Despite the documented strides made in leveraging parallel computing for computational acceleration in various domains, these efforts have predominantly been confined to conventional personal computing devices (desktops or laptops). Such devices, distinguished by their considerable physical dimensions and weight, possess limited portability. Consequently, their applicability in mobility-constrained environments, encompassing scenarios like transportation modes (e.g., cars, trains, planes, and boats) and smart home or urban infrastructure contexts, has remained largely impractical.

In response to these inherent limitations associated with traditional personal computing systems, the adoption of mobile and portable embedded systems, exemplified by platforms such as Raspberry Pis, has emerged as a viable solution²⁵. These embedded systems offer a compelling alternative by virtue of their compact form factor, lower power consumption, and enhanced mobility, making them well-suited for a diverse range of applications and settings.
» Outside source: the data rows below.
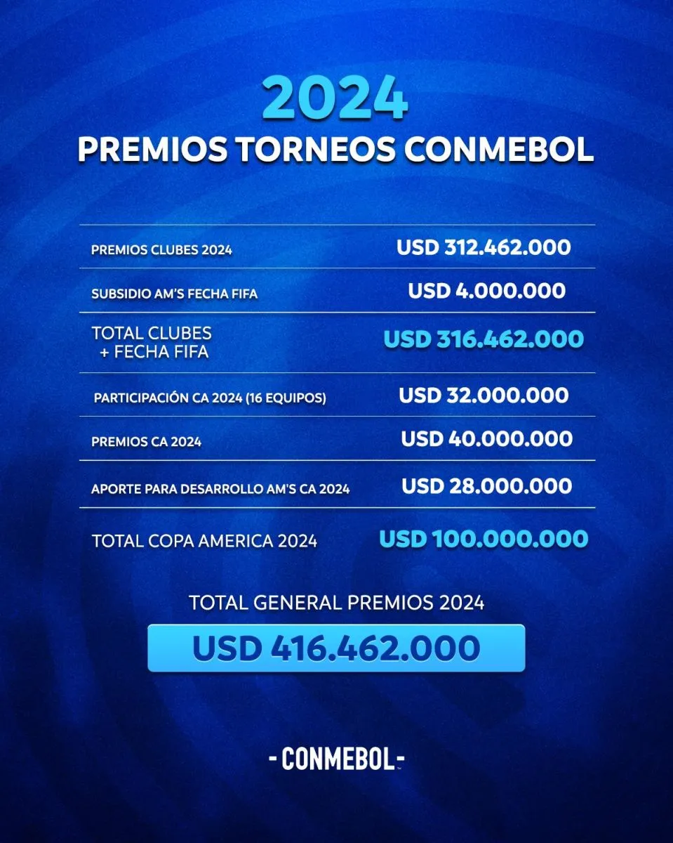 En total serán 100.000.000 de dólares los que se entregarán en el certamen, según publicó la Conmebol.
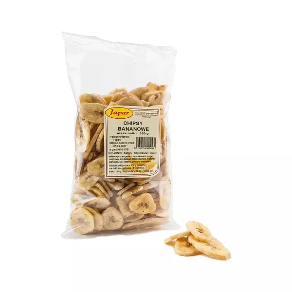Chipsy bananowe to chrupiąca i słodka przekąska, idealna do podjadania w ciągu dnia. Powstają z dojrzałych bananów krojonych w cienkie plasterki i delikatnie suszonych i smażonych.
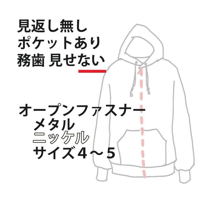 パーカーのジップアップリメイク(ポケットあり・見返し無し・務歯見せない・オープンファスナー:ニッケル・サイズ4〜5)
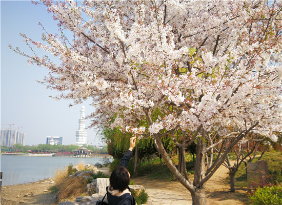 3月24日,周口公園內(nèi)櫻花、海棠、桃花、紫荊花爭相綻放,在綠樹的映襯下,遠(yuǎn)看猶如濃彩重墨的百花圖,不少市民來此賞花游玩。
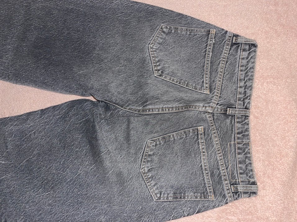 Düğmeli, gri denim kumaştan kadın jean. Sokak stili ve günlük kullanım için uygun, vücuda oturan kesim.

Parallel processing entails a heightened demand for computational resources, encompassing processor cores and memory, due to the concurrent execution of tasks and the need for efficient workload distribution. Simultaneous execution of multiple tasks necessitates the allocation of dedicated processor cores, while data sharing and synchronization among these tasks amplify the requirement for memory resources. To tackle this computational challenge, we build in this paper a cluster based on several Raspberry Pis for fast, parallel, and distributed audio watermarking. The selection of the Raspberry Pi as our computational platform is substantiated by its advantageous features, including its exceptional portability due to its lightweight (46 g) and compact dimensions (85.6 mm × 56.5 mm), coupled with its minimal power consumption and affordability. Compared to other versions of the Raspberry Pi, the 4B version with 2 GB of RAM is powerful enough to support complex signal processing applications that require a high computational load. In this paper, a cluster based on four Raspberry Pis 4B is built to have a large number of physical cores, which is very useful to accelerate the time of a parallel watermarking system.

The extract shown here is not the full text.